Esses três verbos[2] são o próprio resumo do ministério de Jesus: ele ensina, ele prega e ele cura. É assim que ele revelava aos seus ouvintes a boa notícia do Reino de Deus em meio aos acontecimentos simples, banais e ordinários da vida. Porém, a compaixão de Jesus não se encerra nisso. Assim nos diz o v. 36: “Ao ver as multidões, Jesus teve compaixão delas, porque estavam aflitas como ovelhas que não têm pastor”. A palavra compaixão é no grego original ἐσπλαγχνίσθη e significa “revirar as entranhas”[3]. O Deus cristão é o Deus da compaixão. As entranhas de Deus se remexem quando ele vê os aflitos e exaustos. Deus não é indiferente ao sofrimento humano, mas sente os nossos sofrimentos. Deus é presente em meio aos nossos sofrimentos. Ele tem compaixão de nós em meio aos dilemas, problemas, desafios, dúvidas, crises, doenças e ameaças em nossas vidas. Assim, Jesus revela a nós o rosto amoroso, misericordioso e compassivo de Deus. Deus tem coração. E quando Deus vê uma multidão aflita, exausta e perdida, Deus tem compaixão! Suas entranhas se remexem por aqueles/as que sofrem. E o lugar em que a compaixão de Deus se demonstrou de maneira mais clara foi na vida, morte e ressurreição de Jesus.

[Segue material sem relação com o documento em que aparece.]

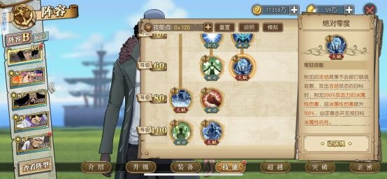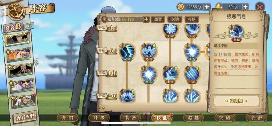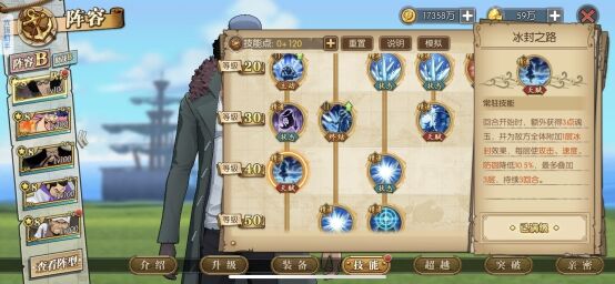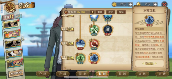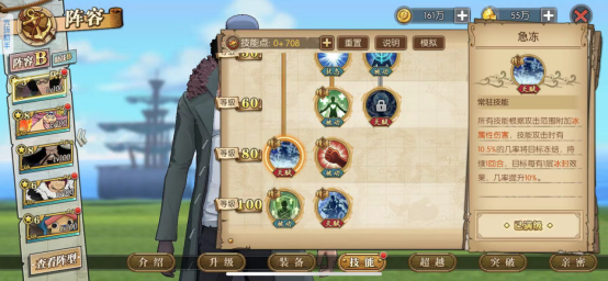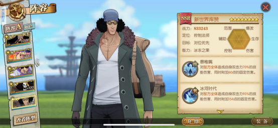 青雉核心输出技能,所有技能能造成冰属性伤害,技能攻击是有几率冻结,配合冰封层数效果,能有效提高冻结效果,这里的冻结基本除了大妈半血能解开,其他人物是不能解开的,(新世界赤犬除外)

2 A COMPAIXÃO DOS DISCÍPULOS
A partir disso (os sofrimentos do povo), Jesus faz uma constatação: “A seara é grande, mas os trabalhadores são poucos”. (Mateus 9.37). Jesus dirige essas palavras aos seus doze discípulos. Havia muitas pessoas sofrendo. Havia muitas pessoas exaustas, aflitas e desamparadas. Fazia-se necessário que surgissem novas vocações! E o ministério da compaixão não começa através de um ativismo louco e desenfreado que atira para todos os lados procurando acertar em algum lugar; ao contrário, o ministério da compaixão começa na oração: “peçam ao Senhor da seara que mande trabalhadores para a sua seara.” (Mateus 9.38).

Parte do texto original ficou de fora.